I can picture Mollie nodding.

“I get that. You want a job that’s going to challenge you, but that also feeds your soul. The position at Ithaca University definitely challenges you⁠—”

“But it doesn’t feed my soul one bit. In fact, it makes me feel kinda dead inside.”

This is the first time I’m walking through this out loud. God bless Mollie. She’s super smart, and if anyone understands the ambitions I have, it’s her. She operates a gigantic cattle ranch and owns a cowboy boot company. She also understands that work has to have meaning in order for it to be enjoyable. Or at the very least, worth the sacrifice.

“Right. So let’s take Ithaca University off the table. Are you comfortable with that?”

I glance at the door. “My parents are going to flip their shit.”

“They’ll get over it when they see how happy you are in your new job. How do you feel?”

Honestly? “I’d feel, God, so relieved if I didn’t have to go back to New York.”

“There’s your answer.”

She’s right.

Mollie is absolutely right.

I’m terrified to turn down the job. I’m also already mentally drafting my resignation letter, which makes me feel—again—relieved. Facing Dad won’t be easy. Disappointing my mentors and professors will suck. You know what will suck more, though? Living a life that’s not mine.
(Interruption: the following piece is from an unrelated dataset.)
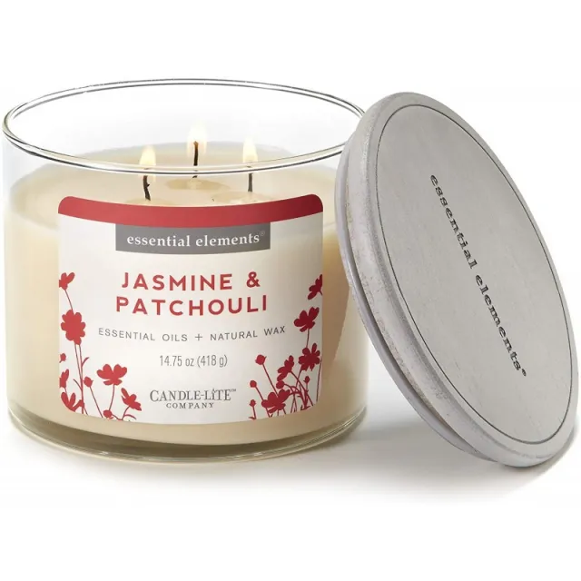 Essential Elements by Candle-Lite Company 향 자스민 & 파출 리 3-Wick Jar Candle 14.75 oz Off White, 단일옵션 구매

Deep down, I know a life in Ithaca isn’t right for me, even if Wyatt weren’t in the picture. He’s just making that decision easier, clearer.

“Maybe that’s the right move.” I hardly believe what I’m saying. “What do I do about a job, though?”

“We brainstorm. Talk to everyone and anyone in a hundred-mile radius. We’ll come up with something. We always do, don’t we?”

She’s talking about the little found family we’ve made on the ranch—how, come hell or high water, the Lucks and the Rivers and the Powells work together to find a solution and make things work.

I feel all mushy inside, knowing they have my back.

Dad and my professors will forgive me. But I’ll never be able to forgive myself if I don’t go after what I want.

I want to stay in Texas and be with Wyatt and rock some sort of veterinary surgeon position that doesn’t require me to sacrifice my happiness.

“We do figure it out, yeah,” I say.

I hear the smile in Mollie’s voice when she replies, “Keep the faith.”

I climb into bed at seven thirty. Not super early by ranch standards, but compared to last night’s late bedtime, it makes me feel like I’m in third grade again, when Mom and Dad would put me to bed while it was still light outside.

I’m beat. I can barely keep my eyes open as I read a book on my Kindle. But when I shut off the light at quarter past eight, I can’t fall asleep. Mostly because I’m thinking about what I’d be doing right now if I were in Wyatt’s bed instead of my own.